Let’s write some integration tests using Supertest, a known Javascript library for testing APIs.

example integration tests in Javascript for Restful API using Supertest

Running the tests would print something like this:

screenshot of test results for integration testing in Javascript using Mocha and Supertest

API Performance Testing

API performance testing is concerned with the correctness of APIs under heavy pressure as software behaves differently under heavy usage pressure. Software teams practice API performance testing to verify the behavior of their APIs under heavy traffic loads.

Performance testing pros

  • Performance testing identifies API & infrastructure issues under the heavy load, prepares API for heavy traffic and usage.
  • API performance testing catches edge cases easier than any other type of API testing

Performance testing cons

  • Performance testing is relatively time-consuming to exercise performance testing.
  • API performance testing requires special software and infrastructure to run tests; usually, it’s an expensive practice to exercise

API testing best practices

Following API testing best practices help you to have high-quality tests that are easy to write, extend, maintain and run.

  • A good test case fails with an easy-to-understand error message to help software teams understand the failure reason.
  • Good test cases run independent of each other and do not require specific execution orders to pass.
  • A good test case has three separated sections: Arrange, Act, and Assertion, known as AAA of automated testing.
  • Group relevant test cases together for better management
  • Test both happy and unhappy paths when testing APIs
  • Tests should run both on dev computers and CIs
  • Write test case descriptions first and then implement them as you go
  • Test code is not tested, so keep your test code as simple as possible
  • Test descriptions should declare the purpose of the test clearly
  • Good test cases don’t have side effects on each other

API Integration testing or unit testing

Integration testing or unit testing? Which one is better, and which one should we practice?” is a question I have frequently asked, so let’s go through the answer together.

Ideally, your automated testing strategy should include both unit testing and integration testing as they complete each other.

With that being said, if you have a shortage of time, we highly recommend you focus on integration testing instead of unit testing as you get more value out of your time investment. The table below compares the two methods of API testing:

Unit Testing Integration
Developers write unit tests Developers/software testers write/setup integration tests
Developers break code into small units and test each unit separately Functionality is tested end to end
Fast to run & get feedback Sometimes slow to run & get feedback
Unit tests are limited in what they can test A broad range of topics to test
Unit tests focus on code correctness validation Focused on the end to end business logic correctness validation
Unit tests require coding To do integration testing, software teams can use 3rd-party tools as well as writing code themselves.
Treats code as a white box Treats code as a black box
Requires refactoring when code changes It does not require a lot of refactoring

3rd-party Integration testing tools

When it comes to unit testing, your dev team should write the unit tests. Apart from open source testing libraries, there is not much tooling to help developers with unit testing. On the other hand, integration testing has seen many innovations, and multiple companies offer products that help teams facilitate their API integration testings. Using a 3rd party tool for integration testing has its benefits, including:

  • Development teams save time by using 3rd-party tools over bespoke integration testing solutions for API integration testing.
  • It’s easier for new members of the team to work with 3rd-party integration testing tools.
  • Your team does not need to main test code and can focus on building new features.
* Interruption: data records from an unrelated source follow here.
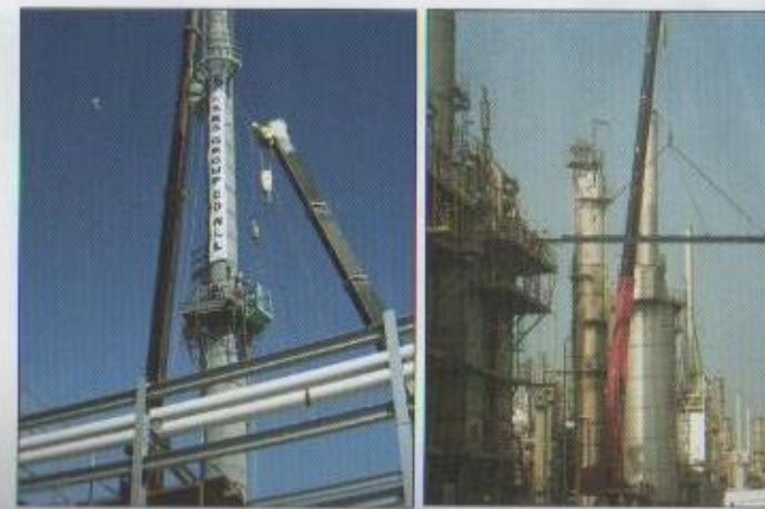
SKS ... working without lost-work-day

The group, which aims to be the most reputed EPC contracting company in oil and gas sector in Kuwait and the Middle East, is now planning a major expansion programme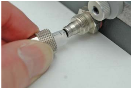
Fig. 2: Connect the vacuum hose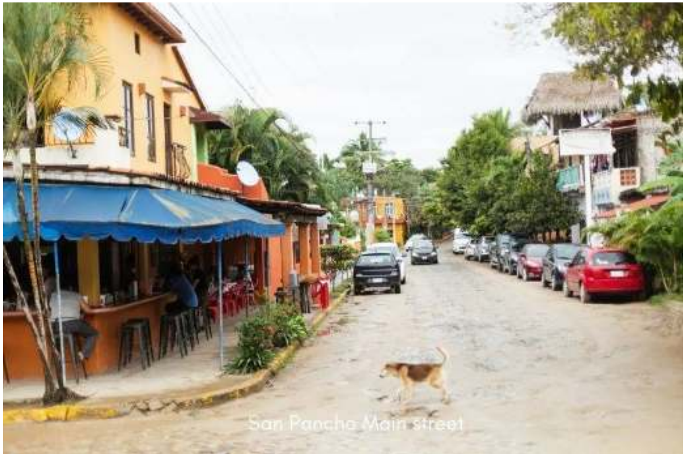
San Pancho Main Street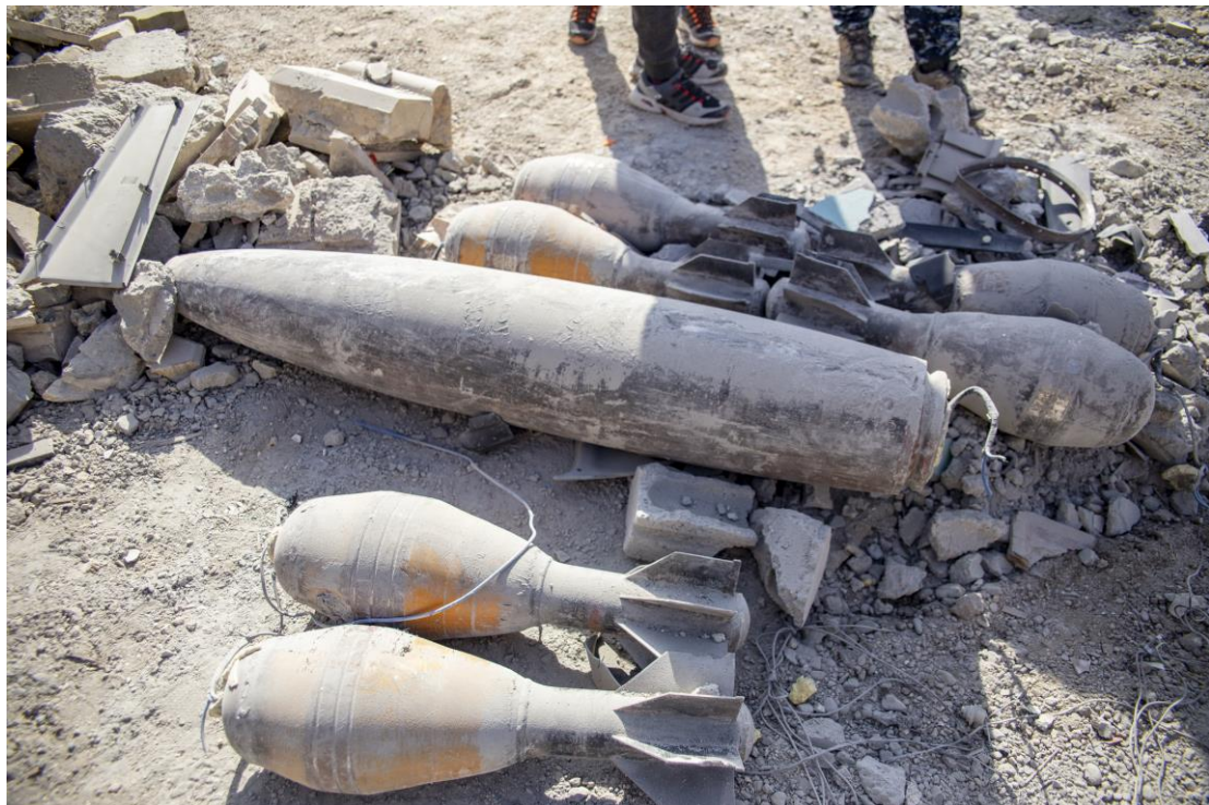
Unexploded MK 82 bomb dropped by the Coalition, which was subsequently rigged by IS and turned into a large IED, surrounded by six mortars locally produced by IS.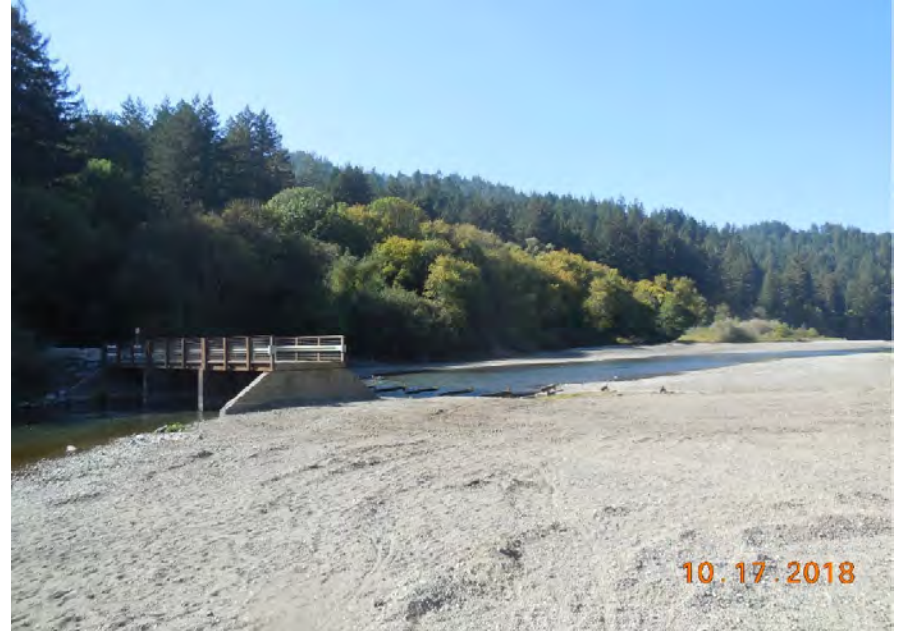
Photo 3. Crossing removed and closed for winter season, 2018.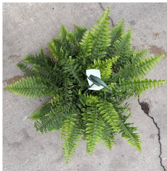
Figure 1. This Boston fern ( Nephrolepis exaltata ‘Bostoniensis’) appeared chlorotic. After the greenhouse environment and chemical applications were ruled out, mineral nutrition and fertilizer seemed to likely be the root cause of the issue.

This Boston fern crop (Fig. 1; Nephrolepis exaltata ‘Bostoniensis’) wasn’t looking right. In looking at the foliage, the chlorosis clearly indicated something wasn’t right with the crop. In reviewing the environmental data, the air temperatures and light intensities were all within normal ranges and meeting the target setpoints, which ruled out problems with the growing environment. Nothing had been sprayed on the crop, so phytotoxicity from a plant insecticide, fungicide, or plant growth regulator could also be ruled out.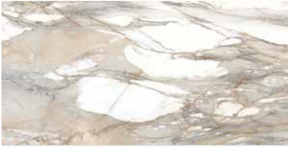
75CLACRE1224 (matte) 75CLACRE1224P (polished)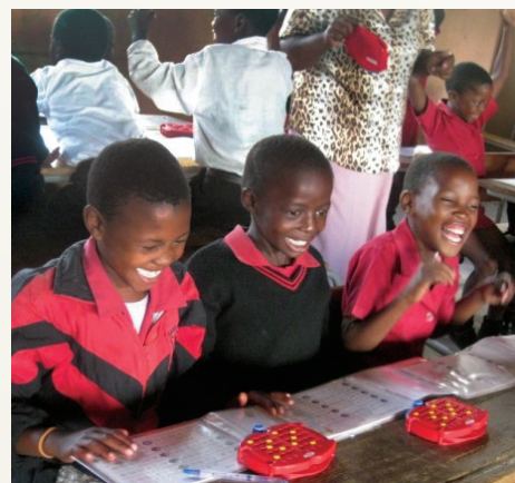
Edupeg learners at work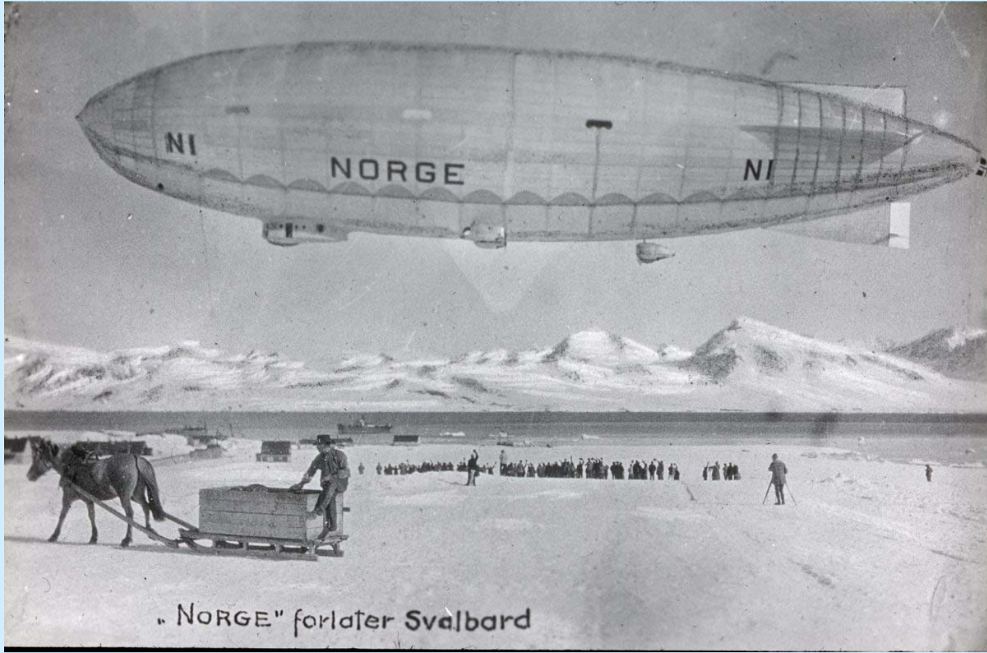
„NORGE“ forlater Svalbard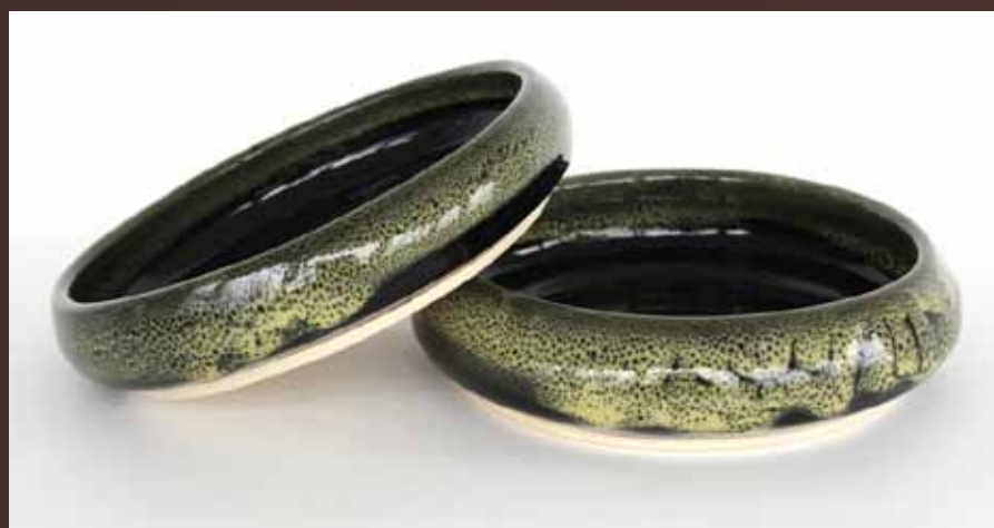
Black plant trays, 7", ceramic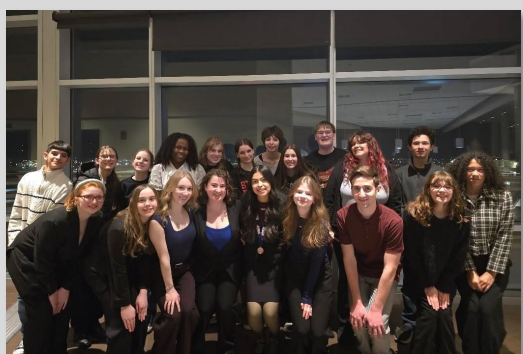
Talking Bulldogs at State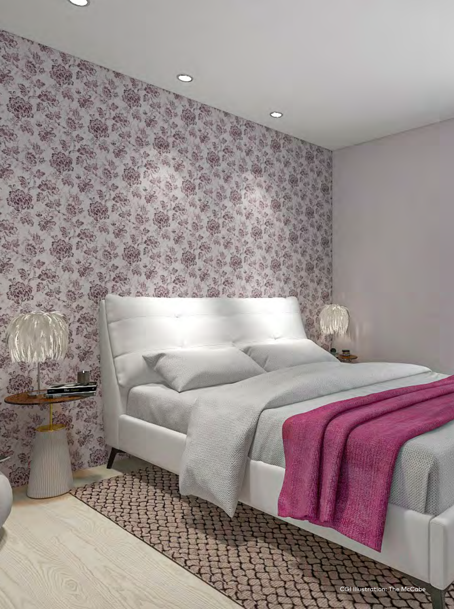
CGI Illustration: The McCabe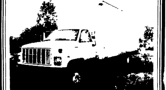
1992 GMC Topkick LoPro, 23,900 lb. GVW, 24 ft Morgan Box, 366 V8, 4-Spd Allison, AT, A/C, 140,000 Miles, New Brakes and Tires, Runs Excellent, Looks Good $10,900 717-361-9296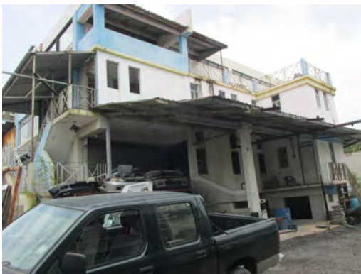
Rear (of Front Building)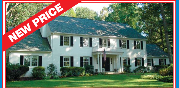
1143 Daleview Drive, McLean $1,599,000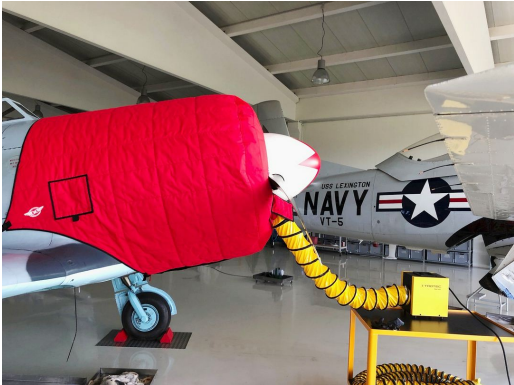
Yak 11 Insulated Engine Cover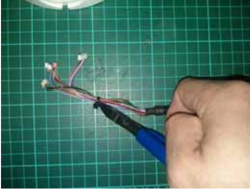
Cut the black band at wire segment

Cut the black band at wire segment. Remove the cable glands from the cable.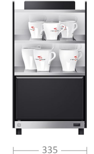
4l Cooler S300 | S500 Fh4 with cup warmer 25 kg | 0.3 kW 1)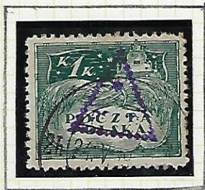
1 k: green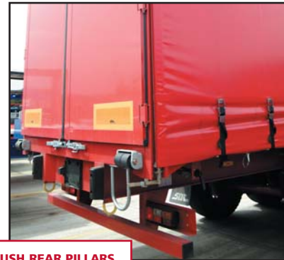
FLUSH REAR PILLARS Maximise hinge protection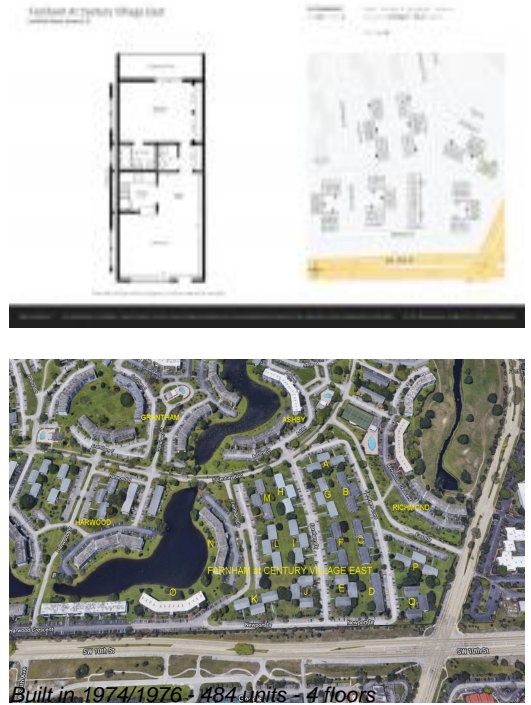
Built in 1974/1976 - 484 units - 4 floors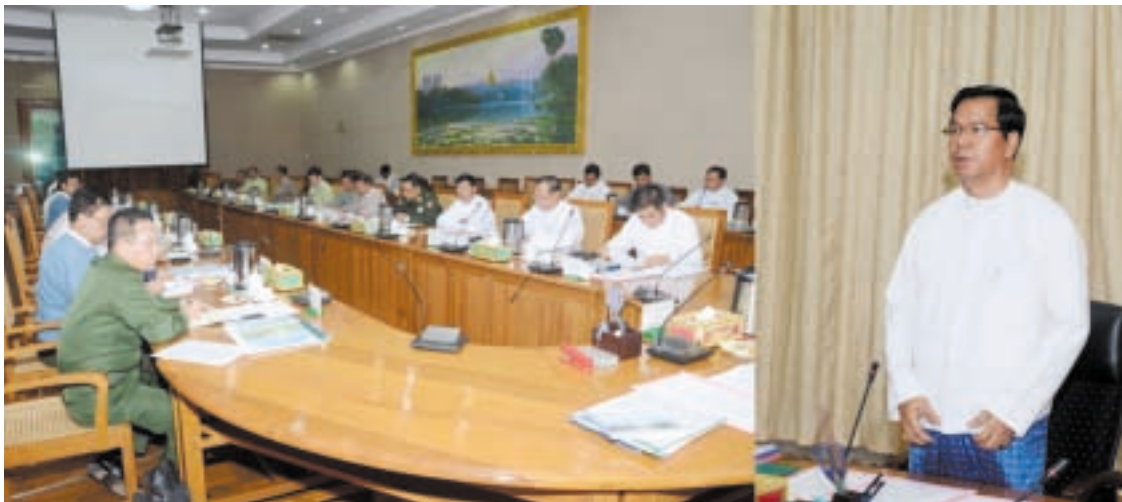
Union Minister U Hla Tun addresses the coordination meeting of the committee.

NAY PYI TAW, 9 Aug—The committee will open a liaison office in Latpadaungtaung project area to tackle the problems of locals, said Chairman of the Committee for Implementation of Investigation Report on Latpadaungtaung Copper Mining Project Union Minister at the President Office U Hla Tun at the coordination meeting of the committee at the meeting hall of the President Office, here, this afternoon.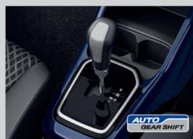
Auto Gear Shift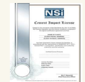
Cement Import License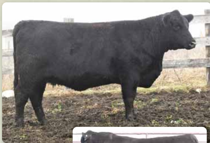
Lot 39 - WWF FP Blackbird 13C

Service: Bred AI on May 8 to Schiefelbein Effective 61, a calving ease sire from Genex with exceptional muscling, capacity and quality. Examined safe by ultrasound.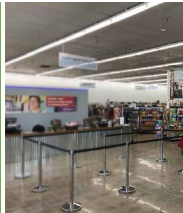
RIGHT: The new Clinton, IL store opened on July 12, 2019

To give you a better picture of using 3rd party testing tools, we will implement the same test cases using Testfully.

The below screenshot shows how you would define your test cases in Testfully. In our example, we try to validate the correctness of slug API by providing a valid input to it first.

Example integration test for a Restful API endpoint using Testfully service

To validate the correctness of API, we set expectations through UI; in our example, we expect 200 OK as the Response Status and a field in response called “slug” with “hello-world” as the value.

Example response validation for a Restful API endpoint using Testfully service

We can now go ahead and run the test using Testfully UI and see the result. The below screenshot is how the result screen looks like for our test.

Example test result UI for a Restful API integration test in Testfully

Let’ continue and define a test case that provides an invalid input to the API; we need to ensure that our API continues to perform even when a user provides an invalid input. The above scenario is an example of what we can unhappy path.

Example integration test (fuzzing) for a Restful API endpoint using Testfully service

And validate the behavior of the API for both the expected Status Code and Response Body.

Example response error validation for a Restful API endpoint using Testfully service


This article explored API testing in detail and compared unit testing, API integration testing, and API performance testing as three different testing API testing methods. Using Testfully to test & monitor API offers the following benefits:

  • You don’t spend days of your development team time on writing, maintaining, and refactoring tests
  • Testfully offers a powerful UI to run tests & see results
  • Your entire team can contribute to testing, and not only your developers

Join us today for free and start testing your APIs using Testfully.

Recent Articles

You no longer need to write API docs by yourself: an Introduction to Testfully API Docs

API Docs, like almost any other concept in API development, have different flavors. At Testfully, We believe that your HTTP requests have the information we need to generate API Docs so why don’t we use them instead of hand-writing all of the docs ourselves.

Testfully integrates with Microsoft Azure Active Directory (Azure AD) for Single Sign On

Starting today, Testfully integrates with Microsoft Azure Active Directory for Signe Sign On. Your colleagues can start accessing your workspace by identifying themselves using Microsoft Azure AD.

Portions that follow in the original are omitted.